**WHAT YOU ARE ASKED TO DO:** Which lines make up the answer? Those from the line with "オリジナルのチェリーワッペンをトッピングしたギンガムチェックのトートバッグ。" through the end of the data; reproduce them exactly.

------------------------

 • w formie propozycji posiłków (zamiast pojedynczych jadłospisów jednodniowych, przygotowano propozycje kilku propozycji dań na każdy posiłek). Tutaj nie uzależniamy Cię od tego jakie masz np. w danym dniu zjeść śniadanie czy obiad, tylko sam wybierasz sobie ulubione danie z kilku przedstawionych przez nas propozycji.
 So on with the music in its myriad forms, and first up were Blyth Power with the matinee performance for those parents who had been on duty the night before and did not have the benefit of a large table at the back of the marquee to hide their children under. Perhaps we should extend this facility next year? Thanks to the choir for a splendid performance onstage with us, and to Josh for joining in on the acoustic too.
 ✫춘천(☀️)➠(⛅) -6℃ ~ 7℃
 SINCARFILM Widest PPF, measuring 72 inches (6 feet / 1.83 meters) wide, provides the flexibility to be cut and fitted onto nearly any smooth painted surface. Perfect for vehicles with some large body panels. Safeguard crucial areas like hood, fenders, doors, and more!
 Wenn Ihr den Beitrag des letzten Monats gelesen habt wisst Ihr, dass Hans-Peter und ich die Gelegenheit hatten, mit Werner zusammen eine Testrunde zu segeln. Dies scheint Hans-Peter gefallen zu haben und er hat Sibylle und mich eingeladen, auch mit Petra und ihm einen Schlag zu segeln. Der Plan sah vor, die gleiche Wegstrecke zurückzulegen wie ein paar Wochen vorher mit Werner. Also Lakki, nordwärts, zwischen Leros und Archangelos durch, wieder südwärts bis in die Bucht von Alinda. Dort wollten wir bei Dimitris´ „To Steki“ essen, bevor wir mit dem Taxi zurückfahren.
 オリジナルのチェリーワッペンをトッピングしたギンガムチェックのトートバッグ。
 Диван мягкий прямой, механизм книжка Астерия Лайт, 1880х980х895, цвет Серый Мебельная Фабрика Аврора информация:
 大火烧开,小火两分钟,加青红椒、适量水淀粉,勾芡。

------------------------

**RESPONSE TO THIS TASK:**
 オリジナルのチェリーワッペンをトッピングしたギンガムチェックのトートバッグ。
 Диван мягкий прямой, механизм книжка Астерия Лайт, 1880х980х895, цвет Серый Мебельная Фабрика Аврора информация:
 大火烧开,小火两分钟,加青红椒、适量水淀粉,勾芡。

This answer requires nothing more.